Exercise description>
What is needed is an exact copy of the lines in the entries below from the one holding "Given the absences" through the one holding "ネットで調べてみたところ、地", pictures excluded.

Exercise input>
▼

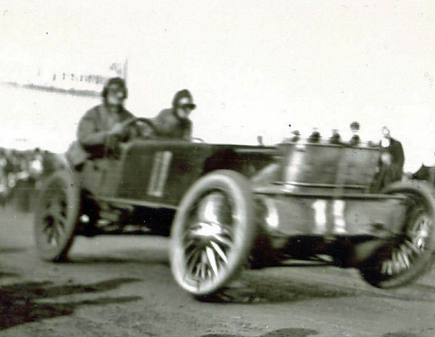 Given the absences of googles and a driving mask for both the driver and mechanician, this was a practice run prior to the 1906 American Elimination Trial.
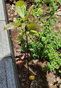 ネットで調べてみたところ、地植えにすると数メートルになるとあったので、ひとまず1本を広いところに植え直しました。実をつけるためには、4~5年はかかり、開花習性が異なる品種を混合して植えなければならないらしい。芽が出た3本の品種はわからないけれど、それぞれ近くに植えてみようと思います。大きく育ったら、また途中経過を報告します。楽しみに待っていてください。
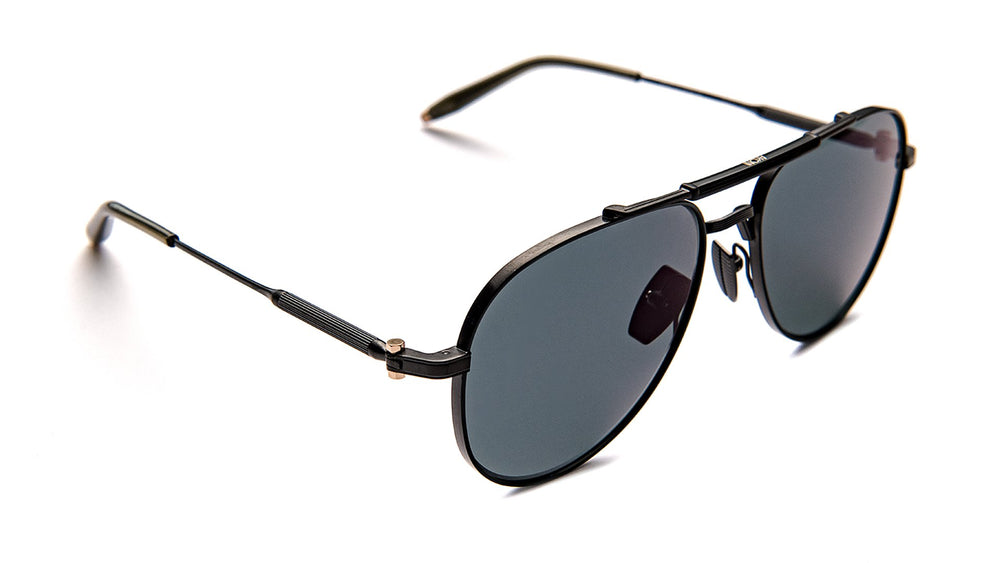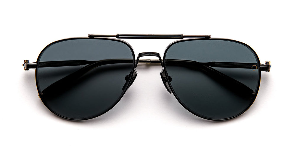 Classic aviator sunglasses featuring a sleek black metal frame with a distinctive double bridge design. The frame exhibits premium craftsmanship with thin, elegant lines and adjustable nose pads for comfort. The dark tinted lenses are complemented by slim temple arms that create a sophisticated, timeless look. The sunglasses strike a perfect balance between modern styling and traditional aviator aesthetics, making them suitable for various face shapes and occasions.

▲
▼

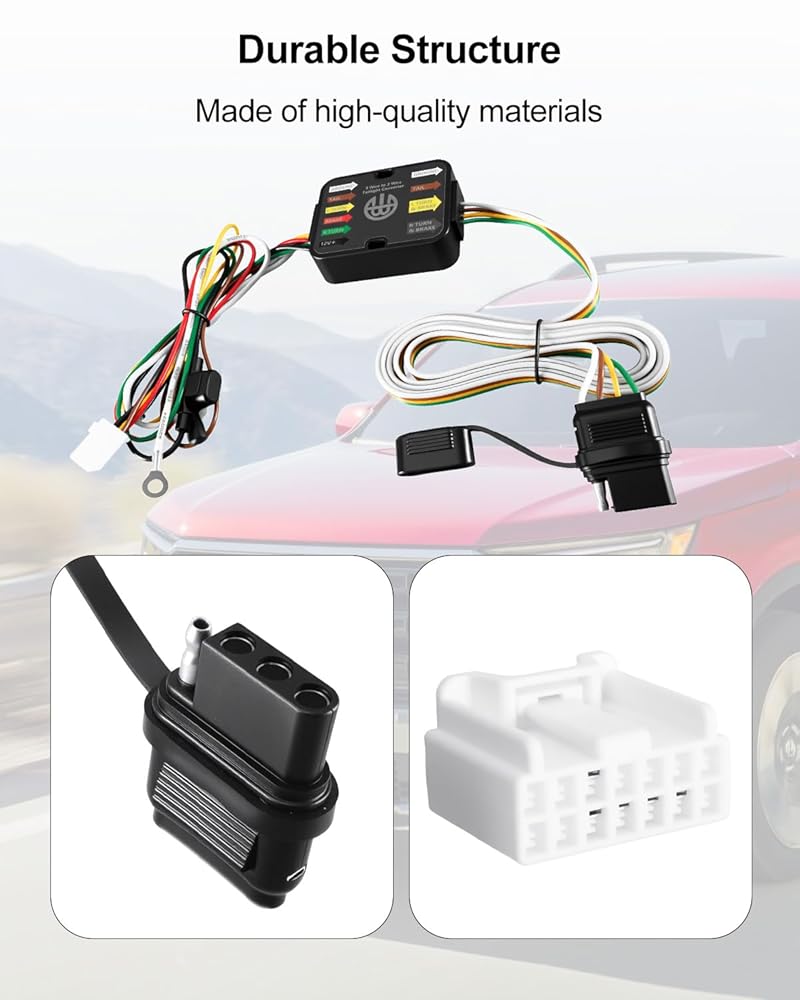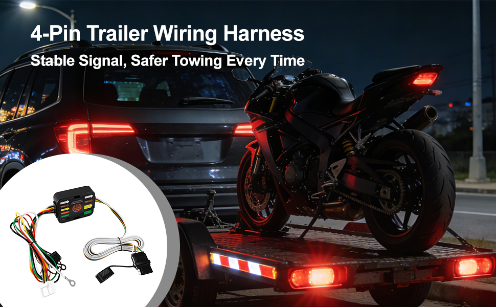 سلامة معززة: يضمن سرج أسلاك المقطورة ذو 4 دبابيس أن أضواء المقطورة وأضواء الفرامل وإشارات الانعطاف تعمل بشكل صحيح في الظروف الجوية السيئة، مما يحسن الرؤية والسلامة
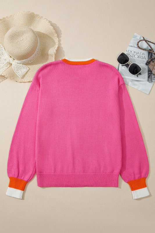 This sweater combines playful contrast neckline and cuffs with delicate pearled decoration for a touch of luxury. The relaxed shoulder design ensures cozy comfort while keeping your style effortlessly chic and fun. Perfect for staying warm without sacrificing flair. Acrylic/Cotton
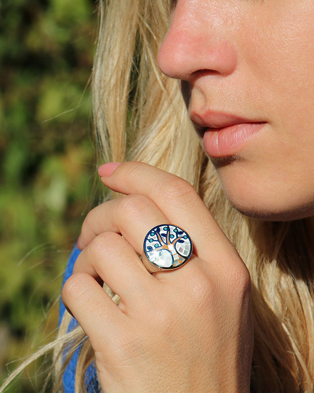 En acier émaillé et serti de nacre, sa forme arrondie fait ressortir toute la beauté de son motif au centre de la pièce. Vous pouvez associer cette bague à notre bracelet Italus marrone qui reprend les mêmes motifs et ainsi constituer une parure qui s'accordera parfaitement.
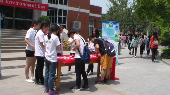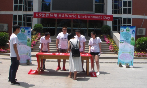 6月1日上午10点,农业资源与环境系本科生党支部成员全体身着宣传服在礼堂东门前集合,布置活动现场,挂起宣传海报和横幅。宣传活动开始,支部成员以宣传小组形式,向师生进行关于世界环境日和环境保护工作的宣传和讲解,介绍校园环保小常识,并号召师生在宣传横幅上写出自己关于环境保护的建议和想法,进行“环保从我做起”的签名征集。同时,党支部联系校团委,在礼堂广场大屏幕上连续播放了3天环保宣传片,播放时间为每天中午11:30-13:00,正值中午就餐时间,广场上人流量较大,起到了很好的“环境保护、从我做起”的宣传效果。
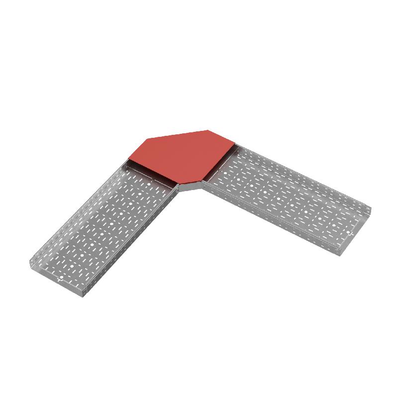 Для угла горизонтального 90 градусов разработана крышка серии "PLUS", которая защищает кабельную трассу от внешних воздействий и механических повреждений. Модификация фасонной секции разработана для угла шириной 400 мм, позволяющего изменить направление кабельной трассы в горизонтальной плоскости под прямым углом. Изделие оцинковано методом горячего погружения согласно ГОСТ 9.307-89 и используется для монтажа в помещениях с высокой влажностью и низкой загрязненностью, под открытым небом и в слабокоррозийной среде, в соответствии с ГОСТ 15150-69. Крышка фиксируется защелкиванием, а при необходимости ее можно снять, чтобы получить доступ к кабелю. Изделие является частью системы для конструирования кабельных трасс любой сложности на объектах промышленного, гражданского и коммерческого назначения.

▲

Task output>
 Given the absences of googles and a driving mask for both the driver and mechanician, this was a practice run prior to the 1906 American Elimination Trial.
 ネットで調べてみたところ、地植えにすると数メートルになるとあったので、ひとまず1本を広いところに植え直しました。実をつけるためには、4~5年はかかり、開花習性が異なる品種を混合して植えなければならないらしい。芽が出た3本の品種はわからないけれど、それぞれ近くに植えてみようと思います。大きく育ったら、また途中経過を報告します。楽しみに待っていてください。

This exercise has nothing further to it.